• **Supplied records**:
-----
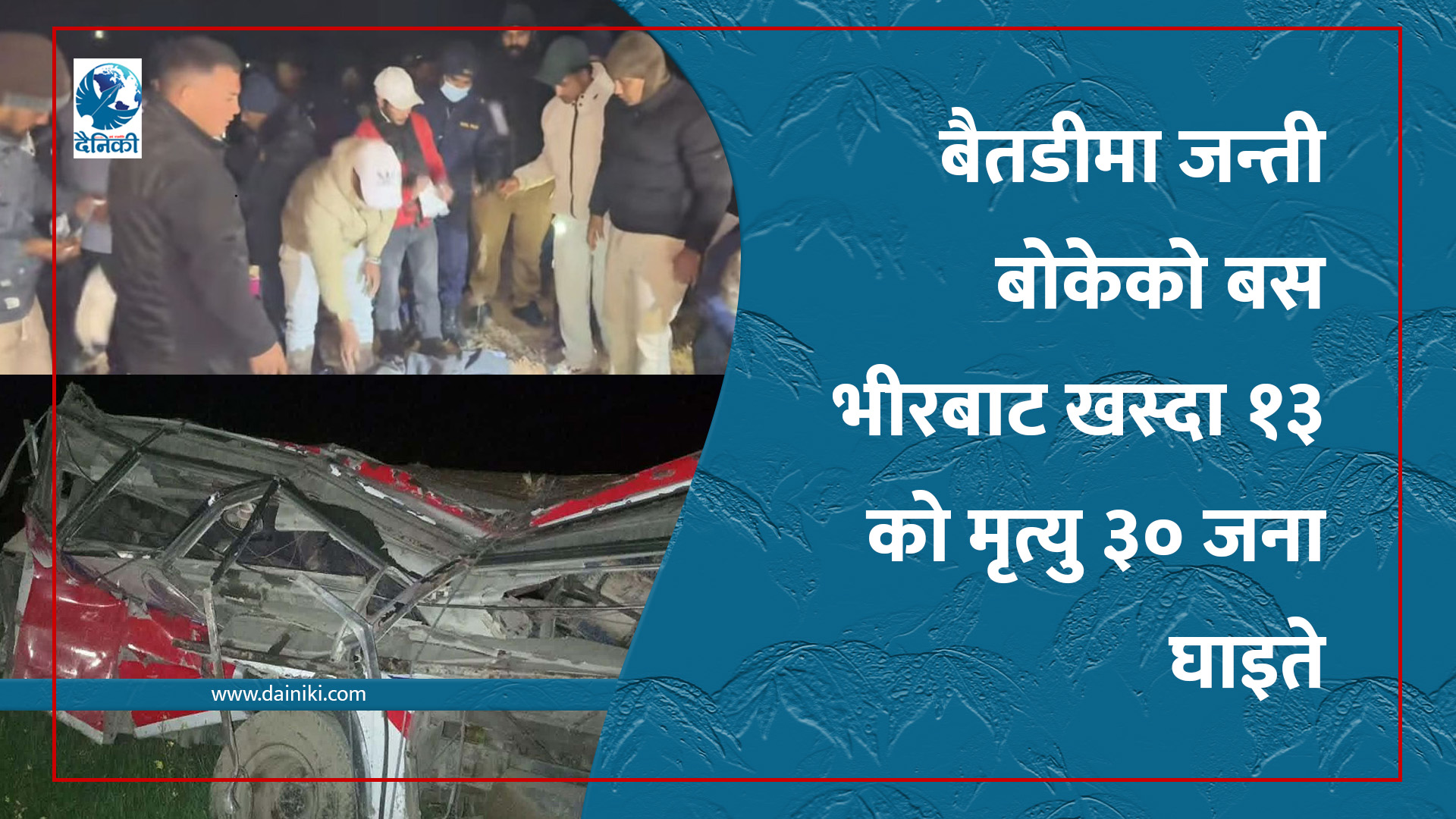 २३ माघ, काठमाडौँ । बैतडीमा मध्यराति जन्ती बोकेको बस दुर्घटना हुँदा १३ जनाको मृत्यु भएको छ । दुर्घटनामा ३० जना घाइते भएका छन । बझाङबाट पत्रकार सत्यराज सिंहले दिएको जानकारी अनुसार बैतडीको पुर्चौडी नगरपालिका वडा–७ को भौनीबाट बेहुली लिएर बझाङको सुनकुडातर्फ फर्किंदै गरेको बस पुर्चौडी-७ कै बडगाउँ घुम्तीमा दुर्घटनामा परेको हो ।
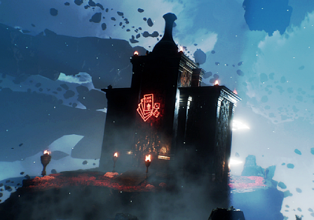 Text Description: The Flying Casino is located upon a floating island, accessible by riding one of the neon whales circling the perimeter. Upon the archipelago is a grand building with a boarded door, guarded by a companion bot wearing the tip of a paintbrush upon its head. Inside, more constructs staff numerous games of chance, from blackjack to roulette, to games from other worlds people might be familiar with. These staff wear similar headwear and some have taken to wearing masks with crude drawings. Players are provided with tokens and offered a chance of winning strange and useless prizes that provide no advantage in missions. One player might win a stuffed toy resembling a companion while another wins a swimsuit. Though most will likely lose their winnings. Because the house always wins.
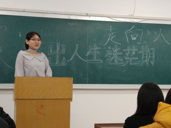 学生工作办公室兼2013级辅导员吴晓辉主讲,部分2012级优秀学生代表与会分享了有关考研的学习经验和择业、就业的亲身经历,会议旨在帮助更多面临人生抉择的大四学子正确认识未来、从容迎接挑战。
-----
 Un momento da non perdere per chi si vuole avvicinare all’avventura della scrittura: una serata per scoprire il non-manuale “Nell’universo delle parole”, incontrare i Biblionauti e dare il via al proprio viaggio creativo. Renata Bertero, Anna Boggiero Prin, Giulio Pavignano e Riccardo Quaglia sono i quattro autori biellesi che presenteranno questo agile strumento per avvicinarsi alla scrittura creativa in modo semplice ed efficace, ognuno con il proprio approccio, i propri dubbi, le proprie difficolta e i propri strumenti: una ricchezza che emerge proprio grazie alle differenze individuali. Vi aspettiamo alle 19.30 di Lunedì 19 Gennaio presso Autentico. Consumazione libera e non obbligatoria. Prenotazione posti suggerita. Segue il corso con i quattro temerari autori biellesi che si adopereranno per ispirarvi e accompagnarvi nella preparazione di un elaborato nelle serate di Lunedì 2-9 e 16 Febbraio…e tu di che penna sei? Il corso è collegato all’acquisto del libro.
-----
• **What is needed**: Output exactly the lines above, beginning at the one with "२३ माघ, काठमाडौँ" and stopping after the one with "学生工作办公室兼2013级辅". Pictures are to be omitted.

• **Solution to the exercise**:
 २३ माघ, काठमाडौँ । बैतडीमा मध्यराति जन्ती बोकेको बस दुर्घटना हुँदा १३ जनाको मृत्यु भएको छ । दुर्घटनामा ३० जना घाइते भएका छन । बझाङबाट पत्रकार सत्यराज सिंहले दिएको जानकारी अनुसार बैतडीको पुर्चौडी नगरपालिका वडा–७ को भौनीबाट बेहुली लिएर बझाङको सुनकुडातर्फ फर्किंदै गरेको बस पुर्चौडी-७ कै बडगाउँ घुम्तीमा दुर्घटनामा परेको हो ।
 Text Description: The Flying Casino is located upon a floating island, accessible by riding one of the neon whales circling the perimeter. Upon the archipelago is a grand building with a boarded door, guarded by a companion bot wearing the tip of a paintbrush upon its head. Inside, more constructs staff numerous games of chance, from blackjack to roulette, to games from other worlds people might be familiar with. These staff wear similar headwear and some have taken to wearing masks with crude drawings. Players are provided with tokens and offered a chance of winning strange and useless prizes that provide no advantage in missions. One player might win a stuffed toy resembling a companion while another wins a swimsuit. Though most will likely lose their winnings. Because the house always wins.
 学生工作办公室兼2013级辅导员吴晓辉主讲,部分2012级优秀学生代表与会分享了有关考研的学习经验和择业、就业的亲身经历,会议旨在帮助更多面临人生抉择的大四学子正确认识未来、从容迎接挑战。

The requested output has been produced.